Bob Young, American Farm Bureau Federation - "Agriculture is in strong financial condition. It did not go through this whole issue of sub-prime loans and things of that nature. Agriculture has had to have some pretty strong balance sheets to bring to the table for commercial banks, farm credit systems, or whatever to provide them with support. I think our balance sheet has looked extremely good for the most part."
Optimism aside, rural America is not immune to what is being called the worst financial crisis since the Great Depression.
One mortgage lender enduring Wall Street losses is the Federal Agricultural Mortgage Corporation, or Farmer Mac.
The organization was created by Congress in 1987 to improve the ability of agricultural lenders to provide credit to America's farmers, rural homeowners, businesses and communities. In recent reports, Farmer Mac revealed losses from bad investments in Fannie Mae and in bonds from the now- bankrupt Lehman Brothers, could drain an estimated $92 million from the lender's capital base. And some experts are concerned such losses could fuel a credit crunch in the agricultural sector.
Bob Young, American Farm Bureau Federation - "I think the sector itself, if I was going to lend money this is the sector I'd want to lend money to. But, for whatever reason if commercial lenders decide to tighten up or not lend at all, then we could be in for some real trouble."

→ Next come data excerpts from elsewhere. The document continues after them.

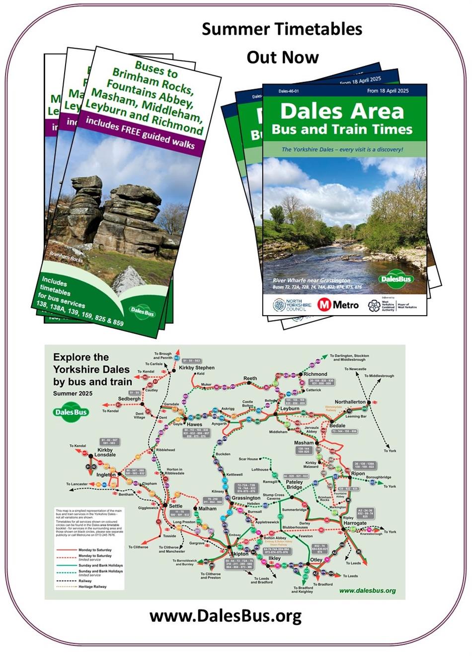 New timetables have been inserted at stops in Kirkby Malzeard, this includes the 138 & 159 Mon – Sat services, as well as the Sunday 825 DalesBus service. Leaflets and timetable booklets have been left in as many shops, pubs, community buildings s possible.
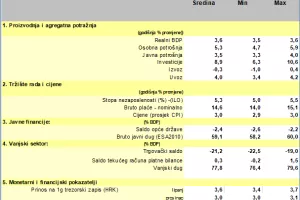 Opća slika neposredne budućnosti koja je iscrtana ovim prognozama veoma je dobra. Očekuje se daljnji pad stope nezaposlenosti s 5,3 posto 2024. na 5,0 posto 2025. i 4,9 posto 2026. To znači nastavak napetosti na tržištu rada i nastavak pritisaka na rast plaća. Rast (nominalni) prosjeka za plaće bruto I očekuje se na 7,0 posto 2025. i 4,2 posto 2026., dakle iznad (prosječne) stope inflacije koja se očekuje na i dalje povišenim razinama od 2,8 posto 2025. i 2,3 posto 2026. Povišena inflacija malo iznad 2 posto nastavit će doprinositi punjenju proračuna opće države, no glavni ekonomisti hrvatskih banaka očekuju malo veći deficit, visine 2,5 posto BDP-a 2025. (Vlada očekuje 2,3 posto) i 2,1 posto 2026. (Vlada očekuje 1,9 posto). Ne radi se o značajnim razlikama koje bi mogle osjetnije poremetiti očekivanu putanju javnog duga, koji u prognozama, mjereno postotkom BDP-a, nastavlja padati prema 56,8 posto na kraju 2026.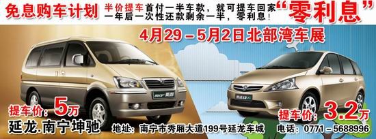 北部灣車展將于2011年4月29日-5月2日在南寧國(guó)際會(huì)展中心舉辦(風(fēng)行展位:G4-G5),屆時(shí)風(fēng)行汽車南寧坤馳4S店將繼續(xù)推出“免息購(gòu)車計(jì)劃”:半價(jià)提車,零利息!的促銷政策,讓你提前享受有車生活!為了免除您在車展現(xiàn)場(chǎng)的擁擠、風(fēng)吹日曬雨淋,南寧坤馳4S店在車展期間特別推出風(fēng)行汽車輕松購(gòu):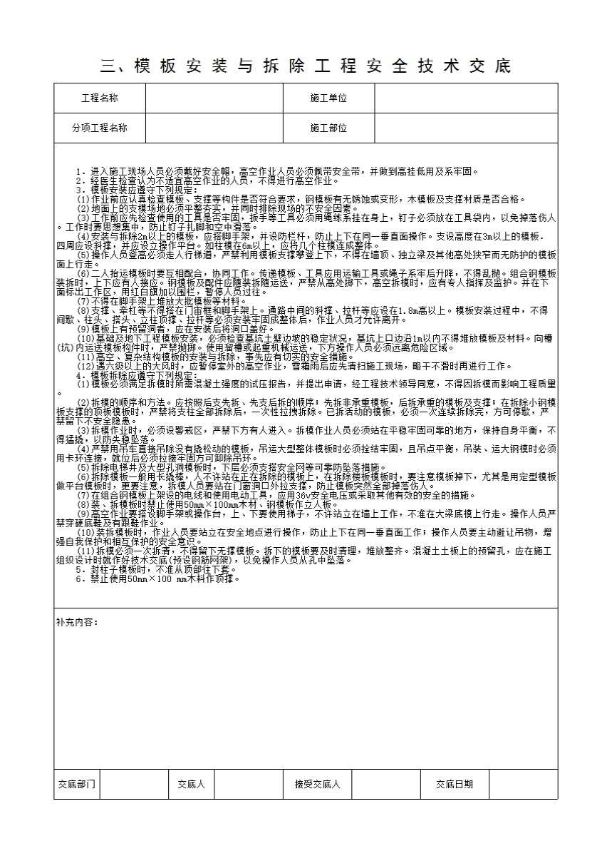 表格名称:03、模板安装与拆除工程安全技术交底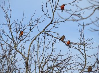 Keywords: songbirds birds gimpel tree

In the case of Farmer Mac, tighter credit could have far-reaching implications throughout the rural economy. In addition to mortgages, Farmer Mac re-sells Farm Service Agency-guaranteed loans and finances rural electric and telephone cooperatives.
Farmer Mac funds its loan purchases by issuing debt or securities which it in turn sells into the capital markets. In this way, it facilitates the flow of money from Wall Street to rural America, thus providing a stable supply of credit to lenders and borrowers.
Bob Young, American Farm Bureau Federation - "You put crops in the ground in the spring; it takes the entire growing season for them to come out of the ground and then get harvested in the fall. You'll go at least 8, 9 10 to 12 months or so between the time you've made a decision and the time you have the financing lined up and the time you're ready to sell the crop so that's why financing is so important."